# What is the derivative of y=tan^-1 sqrt(3x)?

Jun 7, 2016

$\frac{\mathrm{dy}}{\mathrm{dx}} = \frac{3}{2 \left(1 + 3 x\right) \sqrt{3 x}}$

#### Explanation:

Apply the chain rule in a straightforward manner.

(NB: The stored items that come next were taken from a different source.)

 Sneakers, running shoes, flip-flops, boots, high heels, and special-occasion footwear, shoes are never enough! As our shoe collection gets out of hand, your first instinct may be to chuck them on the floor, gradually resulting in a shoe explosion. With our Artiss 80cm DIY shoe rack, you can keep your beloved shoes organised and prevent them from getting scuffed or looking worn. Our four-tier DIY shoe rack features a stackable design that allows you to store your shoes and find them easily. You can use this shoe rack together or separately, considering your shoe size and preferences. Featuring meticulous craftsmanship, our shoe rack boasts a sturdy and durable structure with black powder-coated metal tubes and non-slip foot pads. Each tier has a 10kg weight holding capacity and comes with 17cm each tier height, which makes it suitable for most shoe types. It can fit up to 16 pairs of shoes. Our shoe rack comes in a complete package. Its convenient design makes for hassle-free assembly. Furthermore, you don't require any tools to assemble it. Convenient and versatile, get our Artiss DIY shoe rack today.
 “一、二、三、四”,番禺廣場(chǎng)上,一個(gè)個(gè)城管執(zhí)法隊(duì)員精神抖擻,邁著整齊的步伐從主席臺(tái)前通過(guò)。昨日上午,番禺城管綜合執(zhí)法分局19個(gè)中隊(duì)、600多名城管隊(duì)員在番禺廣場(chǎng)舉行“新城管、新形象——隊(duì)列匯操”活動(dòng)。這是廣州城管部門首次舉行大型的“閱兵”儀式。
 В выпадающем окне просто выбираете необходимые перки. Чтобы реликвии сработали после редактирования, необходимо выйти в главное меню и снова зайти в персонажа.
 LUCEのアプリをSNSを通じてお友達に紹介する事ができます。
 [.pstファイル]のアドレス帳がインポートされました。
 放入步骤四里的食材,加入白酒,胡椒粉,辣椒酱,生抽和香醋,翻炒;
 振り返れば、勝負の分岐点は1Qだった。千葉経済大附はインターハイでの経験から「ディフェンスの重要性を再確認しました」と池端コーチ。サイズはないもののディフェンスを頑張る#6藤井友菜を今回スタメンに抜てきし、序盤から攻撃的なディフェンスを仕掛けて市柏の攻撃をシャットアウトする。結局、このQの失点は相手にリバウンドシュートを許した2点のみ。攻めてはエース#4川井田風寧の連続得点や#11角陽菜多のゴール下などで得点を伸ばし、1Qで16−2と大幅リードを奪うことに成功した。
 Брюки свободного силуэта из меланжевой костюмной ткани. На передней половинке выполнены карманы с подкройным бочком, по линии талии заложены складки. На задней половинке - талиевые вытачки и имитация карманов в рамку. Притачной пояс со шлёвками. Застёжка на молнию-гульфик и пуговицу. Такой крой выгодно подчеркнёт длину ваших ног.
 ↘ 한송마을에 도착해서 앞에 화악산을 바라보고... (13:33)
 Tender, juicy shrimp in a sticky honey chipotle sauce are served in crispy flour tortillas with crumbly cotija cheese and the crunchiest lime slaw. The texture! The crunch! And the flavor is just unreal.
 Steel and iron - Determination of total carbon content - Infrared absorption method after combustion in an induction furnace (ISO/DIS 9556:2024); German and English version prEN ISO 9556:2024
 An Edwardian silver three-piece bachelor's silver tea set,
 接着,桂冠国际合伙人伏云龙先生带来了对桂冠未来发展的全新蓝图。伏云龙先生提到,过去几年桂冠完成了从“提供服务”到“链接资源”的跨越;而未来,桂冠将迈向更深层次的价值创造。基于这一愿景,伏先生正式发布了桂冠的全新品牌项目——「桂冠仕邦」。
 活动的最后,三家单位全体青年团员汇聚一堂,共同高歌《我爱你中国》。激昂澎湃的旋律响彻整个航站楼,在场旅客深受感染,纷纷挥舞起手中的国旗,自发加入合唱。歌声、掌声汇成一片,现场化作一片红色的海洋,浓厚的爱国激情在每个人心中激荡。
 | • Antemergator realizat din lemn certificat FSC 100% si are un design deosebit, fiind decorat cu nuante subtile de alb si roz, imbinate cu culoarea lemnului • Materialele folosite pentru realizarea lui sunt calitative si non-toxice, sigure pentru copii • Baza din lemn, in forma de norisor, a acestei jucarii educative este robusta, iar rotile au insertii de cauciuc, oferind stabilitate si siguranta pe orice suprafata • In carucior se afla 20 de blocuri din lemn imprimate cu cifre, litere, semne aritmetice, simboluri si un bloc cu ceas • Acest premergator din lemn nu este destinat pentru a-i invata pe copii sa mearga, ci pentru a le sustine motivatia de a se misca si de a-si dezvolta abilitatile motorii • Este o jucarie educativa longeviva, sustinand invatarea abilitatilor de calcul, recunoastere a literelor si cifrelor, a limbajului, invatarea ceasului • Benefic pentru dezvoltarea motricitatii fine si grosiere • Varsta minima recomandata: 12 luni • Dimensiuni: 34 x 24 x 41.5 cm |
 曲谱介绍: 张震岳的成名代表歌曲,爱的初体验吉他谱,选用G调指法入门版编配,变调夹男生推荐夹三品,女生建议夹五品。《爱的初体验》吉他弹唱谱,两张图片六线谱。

$\frac{\mathrm{dy}}{\mathrm{dx}} = \frac{1}{1 + {\left(\sqrt{3 x}\right)}^{2}} \times \frac{1}{2 \sqrt{3 x}} \times 3 = \frac{3}{2 \left(1 + 3 x\right) \sqrt{3 x}}$

Jun 7, 2016

$\frac{d}{\mathrm{dx}} \left(\arctan \left(\sqrt{3 x}\right)\right) = \frac{\sqrt{3}}{2 \sqrt{x} \left(3 x + 1\right)}$

#### Explanation:

$\frac{d}{\mathrm{dx}} \left(\arctan \left(\sqrt{3 x}\right)\right)$

Applying chain rule,
$\frac{\mathrm{df} \left(u\right)}{\mathrm{dx}} = \frac{\mathrm{df}}{\mathrm{du}} \cdot \frac{\mathrm{du}}{\mathrm{dx}}$
Let ,$\sqrt{3 x}$=$u$
$= \frac{d}{\mathrm{du}} \left(\arctan \left(u t\right)\right) \frac{d}{\mathrm{dx}} \left(\sqrt{3 x}\right)$
$\frac{d}{\mathrm{du}} \left(\arctan \left(u\right)\right) = \frac{1}{{u}^{2} + 1}$
$\frac{d}{\mathrm{dx}} \left(\sqrt{3 x}\right) = \frac{\sqrt{3}}{2 \sqrt{x}}$
so,
$= \frac{1}{{u}^{2} + 1} \frac{\sqrt{3}}{2 \sqrt{x}}$
substitute back,$u = \setminus \sqrt{3 x}$
$= \frac{1}{{\left(\sqrt{3 x}\right)}^{2} + 1} \frac{\sqrt{3}}{2 \sqrt{x}}$

Simplifying back,
$= \frac{\sqrt{3}}{2 \sqrt{x} \left(3 x + 1\right)}$